Among these documents are manuscripts written in the so-called proto-Elamite writing system used in ancient Iran from 3,200 to 3,000 BC and which is the oldest undeciphered writing system currently known. By viewing the extremely high quality images of these documents, and by sharing them with a community of scholars worldwide, a team from Oxford hope to crack the code once and for all.
The RTI system was developed by Dr Graeme Earl of the Archaeological Computing Research Group at the University of Southampton and Dr Kirk Martinez of Electronics and Computer Science at Southampton. It comprises of a dome with 76 lights inside and a camera positioned at its top. A manuscript is placed in the centre of the dome, where-after 76 photos are taken each with one of the 76 lights individually lit. In post-processing the 76 images are joined so that the researcher can move the light across the surface of the digital image and use the difference between light and shadow to highlight otherwise hidden details.

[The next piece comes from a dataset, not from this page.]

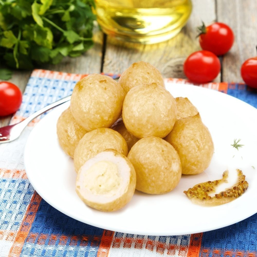 素丸子,以「蒟蒻」製成,創造Q脆口感,搭配香濃乳酪,是老人小孩皆喜愛的口味。

Dr Kirk Martinez comments: "We aimed to make a modern, fast, but not too expensive version of this imaging system - and it’s great to see we succeeded in making something which is producing valuable data for humanities researchers."
Dr Jacob Dahl, a co-leader of the Cuneiform Digital Library Initiative and a member of Oxford University’s Faculty of Oriental Studies, says: “I have spent the last ten years trying to decipher the proto-Elamite writing system and, with this new technology, I think we are finally on the point of making a breakthrough.
“The quality of the images captured is incredible. And it is important to remember that you cannot decipher a writing system without having reliable images because you will, for example, overlook differences barely visible to the naked eye which may have meaning. Consider for example not being able to distinguish the letter i from the letter t.”
He believes the writing system he is examining may be even more interesting than previously thought: “Looking at contemporary and later writing systems, we would expect to see proto-Elamite use only symbols to represent things, but we think they also used a syllabary – for example 'cat' would not be represented by a symbol depicting the animal, but by symbols for the otherwise unrelated words 'ca' and 'at.
“Half of the signs used in this way seem to have been invented ex novo for the sounds they represent – if this turns out to be the case, it would transform fundamentally how we understand early writing where phonetecism is believed to have been developed through the so-called rebus principle (a modern example would be for example "I see you", written with the three signs 'eye', the 'sea', and a 'ewe').”
Some features of the writing system are already known. The scribes had loaned - or potentially shared - some signs from or with Mesopotamia, such as the numerical signs and their systems and signs for objects like sheep, goats and cereals. Nevertheless, 80-90 percent of the signs remain undeciphered.